Blogs!

Written by Armaan Hirani

Part 1: Looking Back
Looking back, I think the course conveyed its main ideas pretty well, especially because the concepts kept coming back in different ways instead of only being taught once. Testing, design patterns, abstraction, inheritance, polymorphism, and class design all felt more abstract at first, but they started to make more sense once we applied them to projects like Darwin and Life. Some parts did feel overwhelming because there were so many details and requirements at once, but that also made the course feel closer to real programming work.

One lesson I will carry forward is the importance of writing code that other people can understand, test, and build on. Unit testing and acceptance testing surprised me the most. At first, they felt like extra work, but later they became useful because they made it easier to catch mistakes and feel confident about changes.

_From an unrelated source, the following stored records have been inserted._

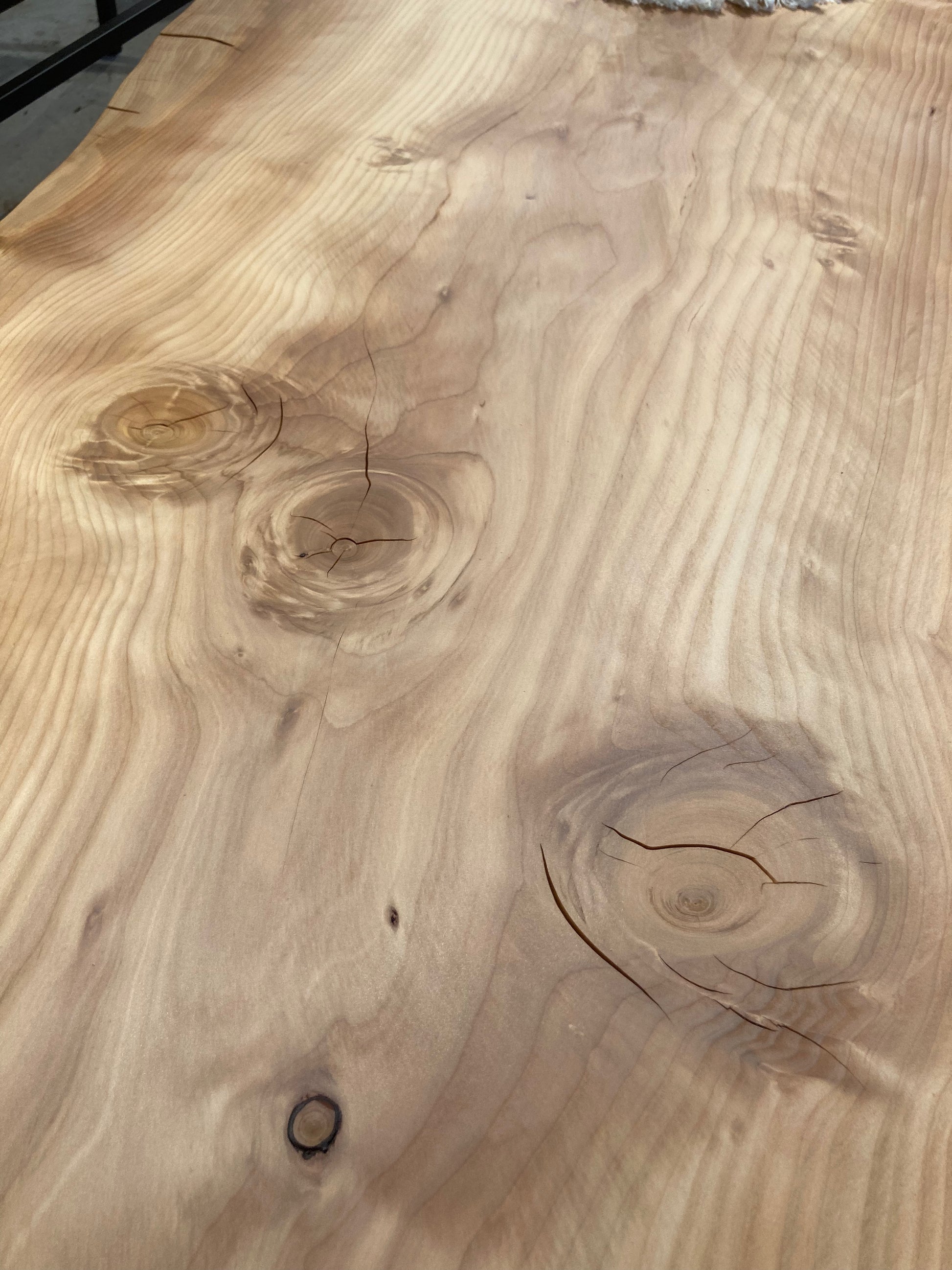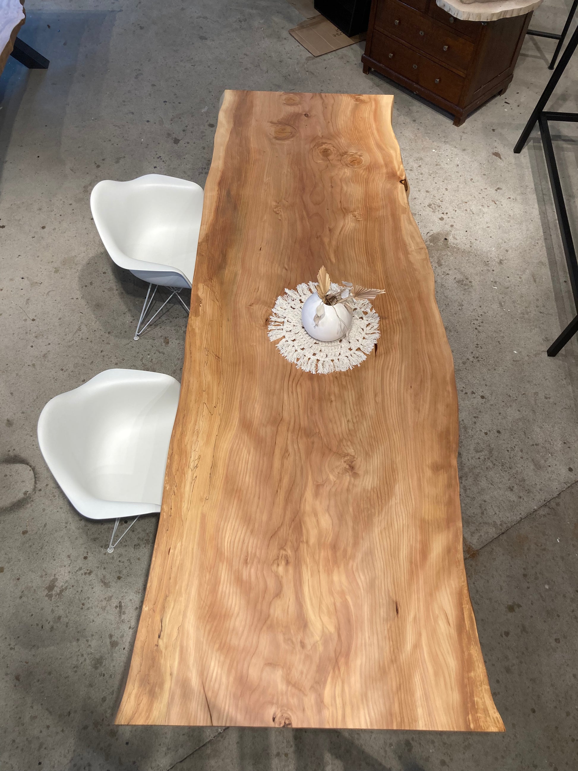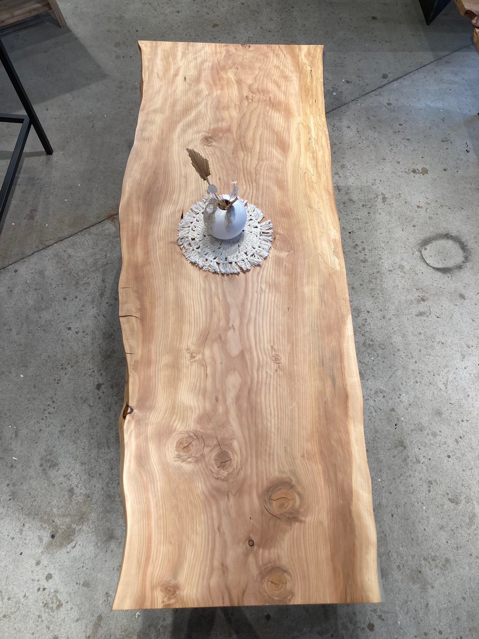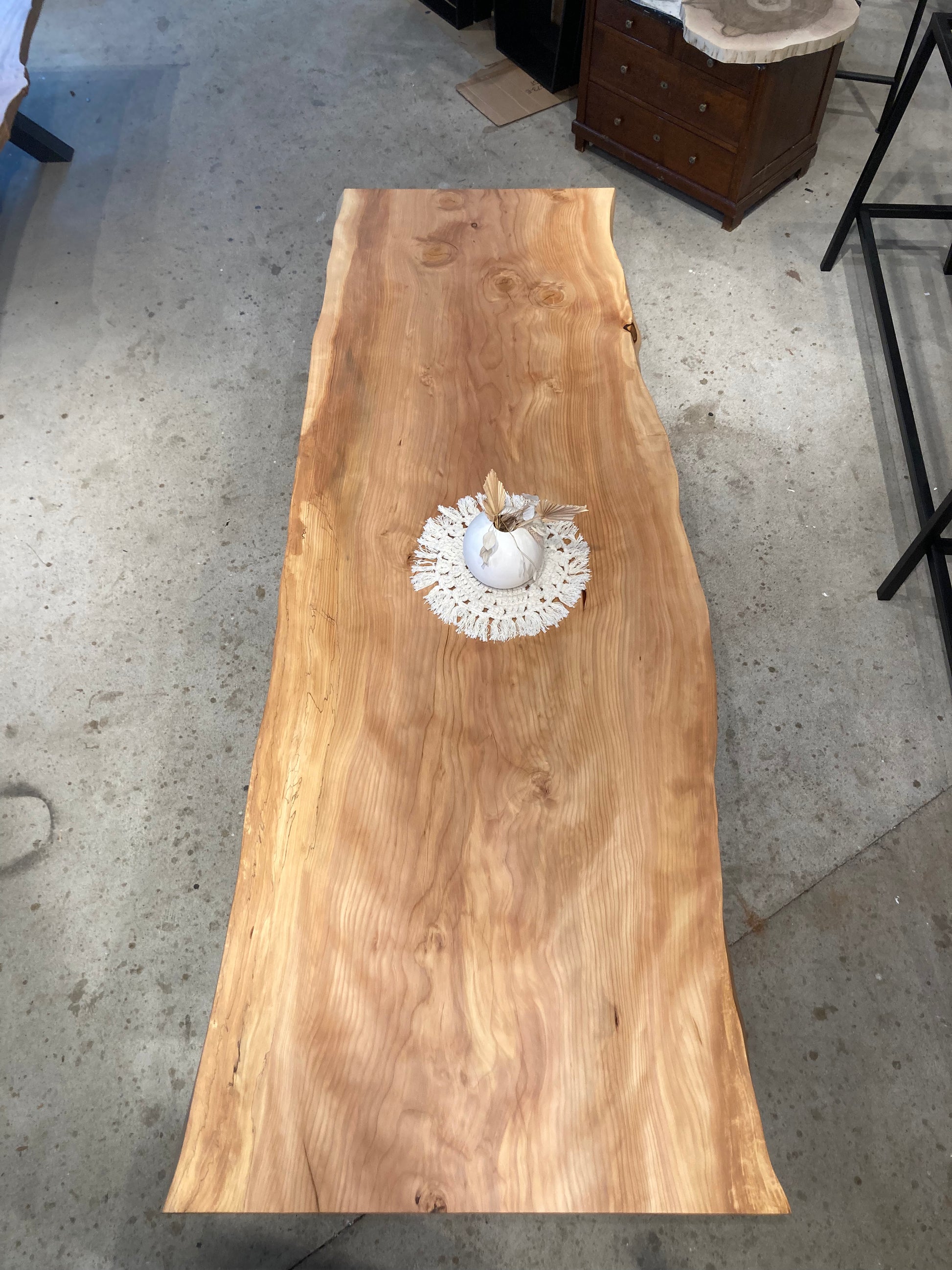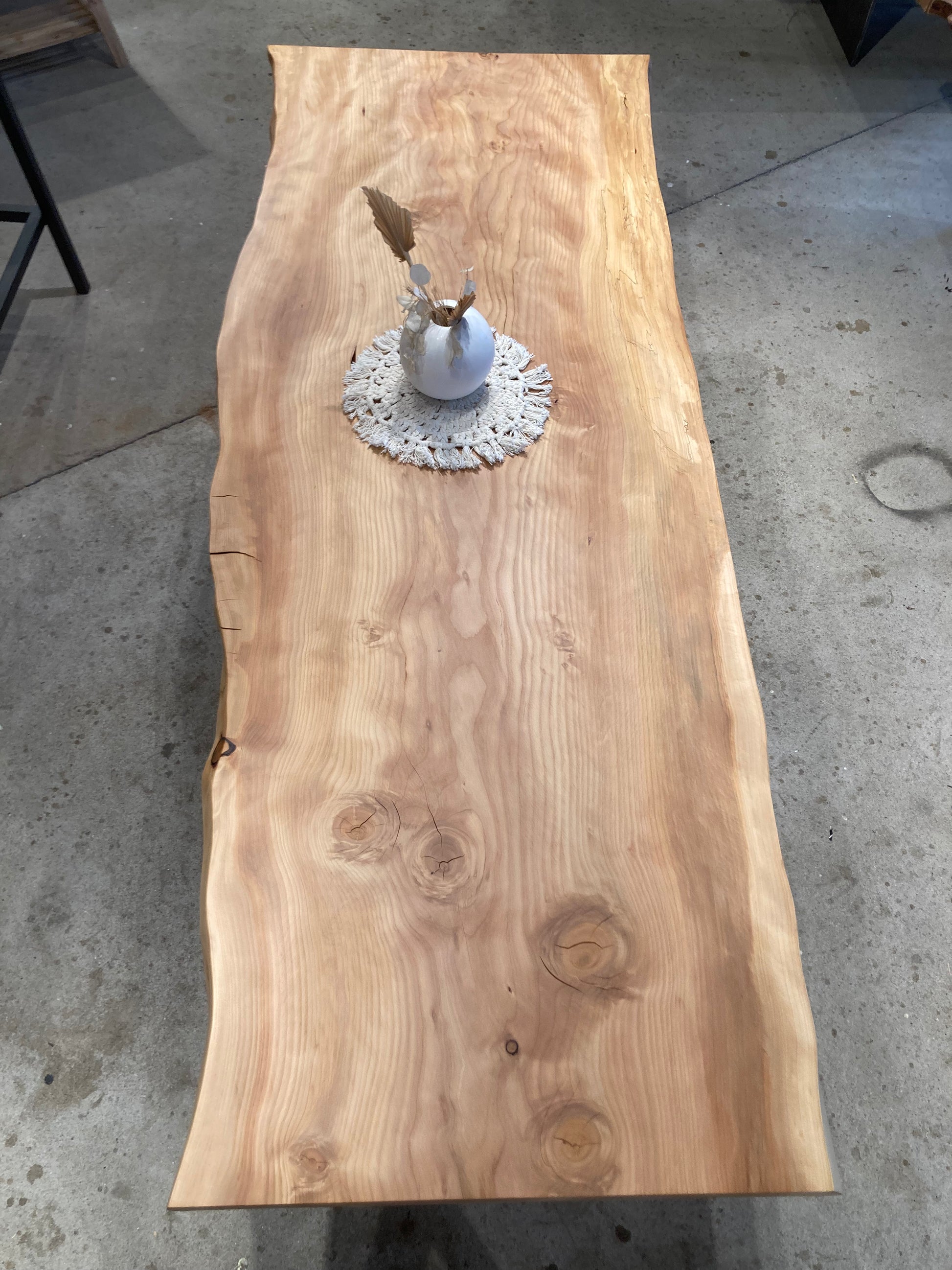 Dieser außergewöhnliche Massivholztisch wurde aus einer einzigen Stammbohle gefertigt und überzeugt durch seine gerade Form mit schmeichelnder Naturkante. Die homogene Maserung und die warme Farbe des Zedernholzes verleihen dem Tisch eine edle Ausstrahlung. Die Oberfläche ist hochwertig bearbeitet und mit Hartwachsöl versiegelt, wodurch sie optimal gegen Flecken und Flüssigkeiten geschützt ist.
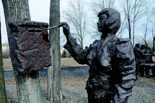 在原子城纪念园里的这座雕塑,生动再现了那个火热年代中,一个真实而感人的故事。
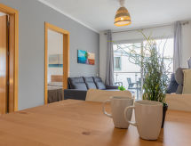 3 rom leilighet 55 m2 i 1st etasje. Moderne og smakfullt møbler: stue/spisestue med, digital TV, flatskjerms TV, air-conditioning og varmluft oppvarming. Utgang til balkongen. 1 rom med, 1 dobbeltseng. 1 rom med 1 seng og 1 x 2 køysenger. Kjøkken (4 keramiske kokeplater, mikrobølgeovn, elektrisk kaffemaskin). Dusj/WC. Balkong. Balkongmøbler. Delvis utsikt av havet. Fasiliteter: vaskemaskin, strykejern, hårføner. Internett (trådløs LAN [WLAN], gratis). HUTT005454- fasiliteter
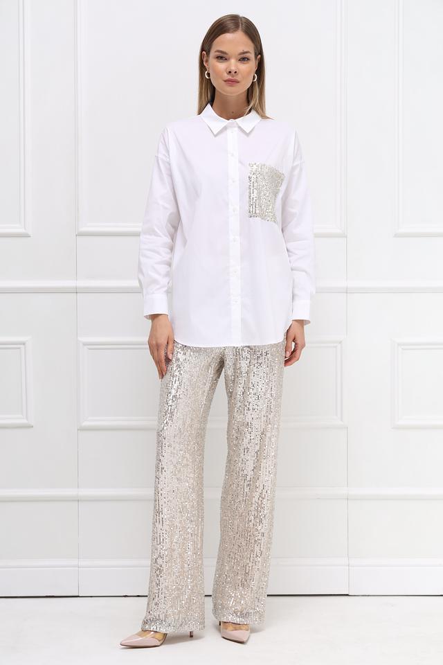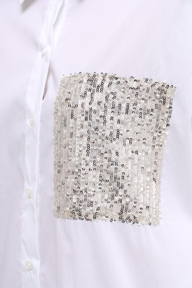 Особенностью модели является накладной карман с отделкой из сверкающих пайеток, который придает рубашке праздничный и нарядный вид. Рубашка идеально подойдет для создания как повседневных, так и вечерних образов.

One tool or technique that I found really useful was the use of testing in smaller scale projects. I had mostly thought of testing as something for larger projects before, but using it for Darwin and Life made it easier to check edge cases and avoid breaking earlier functionality. It also made the development process feel more organized and efficient, which was a nice experience.

Compared to my other CS classes at UT, I think I grew more in practical object-oriented programming skills than in theory. This course made me more comfortable designing classes, separating responsibilities, reading specifications carefully, and thinking about how different objects interact in a program. That kind of growth feels valuable because it connects more directly to real-world software work.

Part 2: Your Experiences
14 collaborative exercises on Ed Lessons with 2 drops
What worked well? They helped reinforce weekly concepts through practice and collaboration.
What could be improved? Some exercises could be shorter and less repetitive.
40 collaborative quizzes on Canvas with 5 drops
What worked well? They kept us consistently engaged with the material.
What could be improved? There could be fewer quizzes overall.
9 problems on Kattis with 1 drop
What worked well? The immediate feedback made debugging and learning easier.
What could be improved? Some problems could connect more clearly to the course projects.
Continuous Integration
What worked well? It helped catch errors early and made testing new features and improvements smoother.
What could be improved? The setup and error messages could be explained more clearly.
Cold Calling
What worked well? It encouraged participation and made class more active.
What could be improved? It would help to have a little more time to think before answering.


Part 3: Closing Thoughts
Overall, this course was challenging, but it taught me a lot about what good OOP looks like. Even when parts of it felt overwhelming, the mix of concepts, testing, tools, and projects helped me build habits that I know I will carry forward.

Written by Armaan Hirani

This week felt heavy in terms of content, but it brought a lot of clarity. Many concepts I had encountered before started to connect in a more cohesive way, which really helped deepen my understanding. The biggest takeaway for me was the recurring idea that strong solutions depend more on how you approach a problem than on advanced syntax or clever methods.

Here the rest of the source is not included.